Systemic and tumor disposition of platinum after administration of cisplatin or STEALTH liposomal-cisplatin formulations (SPI-077 and SPI-077 B103) in a preclinical tumor model of melanoma.

PURPOSE: SPI-077 and SPI-077 B103 are formulations of cisplatin encapsulated in pegylated STEALTH liposomes that accumulate in tumors. However, the extent to which active platinum (Pt) is released from the liposome is unknown. Thus, we evaluated the disposition of encapsulated and released Pt in plasma and tumors after administration of STEALTH liposomal and nonliposomal cisplatin. METHODS: Cisplatin (10 mg/kg), SPI-077 (10 mg/kg), and SPI-077 B103 (5 mg/kg) were administered i.v. to mice bearing B16 murine melanoma tumors.
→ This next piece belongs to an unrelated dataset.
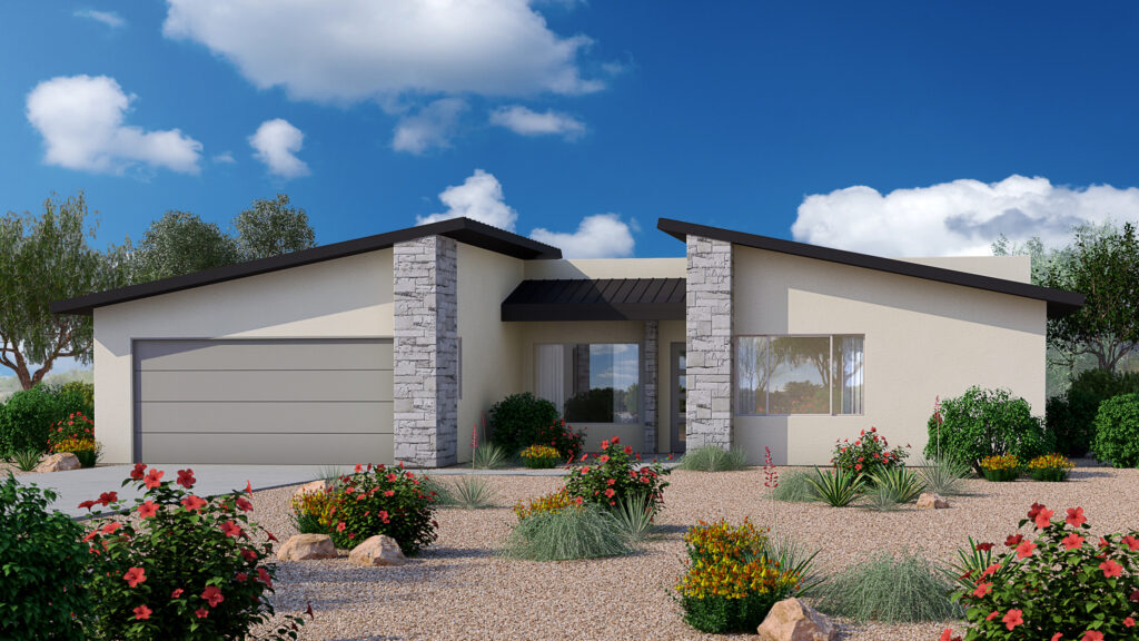 A statement entry door welcomes you into a home with a thoughtful floor plan that flaunts a stunning kitchen, luxurious bathrooms, high ceilings, glass sliders, elegant tile flooring, and energy-efficient design and appliance choices. Each home promises true comfort and style, from the granite slab countertops to the bathroom fixtures. The architectural design ensures gorgeous desert views to greet you every morning.

Microdialysis probes were placed into the right and left sides of each tumor, and serial samples were collected from tumor extracellular fluid (ECF) after administration of each agent. After each microdialysis procedure, tumor samples were obtained at each probe site to measure total Pt and Pt-DNA adducts. In a separate study, serial plasma samples (three mice per time point) were obtained. Unbound Pt in tumor ECF and plasma, and total Pt in tumor homogenates were measured by flameless atomic absorption spectrophotometry. Area under the tumor ECF (AUC(ECF)) concentration versus time curves of unbound Pt were calculated. Intrastrand GG (Pt-GG) and AG (Pt-AG) Pt-DNA adducts were measured via (32)P-postlabeling. RESULTS: Mean+/-SD peak concentrations of total Pt in tumor homogenates after administration of cisplatin, SPI-077, and SPI-077 B-103 were 3.2+/-1.9, 11.9+/-3.0, and 3.5+/-0.3 microg/g, respectively. After cisplatin, mean+/-SD AUC(ECF) of unbound Pt was 0.72+/-0.46 microg/ml.h. There was no detectable unbound Pt in tumor ECF after SPI-077 or SPI-077 B-103 treatment. Mean+/-SD peak concentration of Pt-GG DNA adducts after administration of cisplatin, SPI-077, and SPI-077 B-103 were 13.1+/-3.3, 3.5+/-1.3, and 2.1+/-0.3 fmol Pt/microg DNA, respectively. CONCLUSION: This study suggests that more SPI-077 and SPI-077 B103 distribute into tumors, but release less Pt into tumor ECF, and form fewer Pt-DNA adducts than does cisplatin.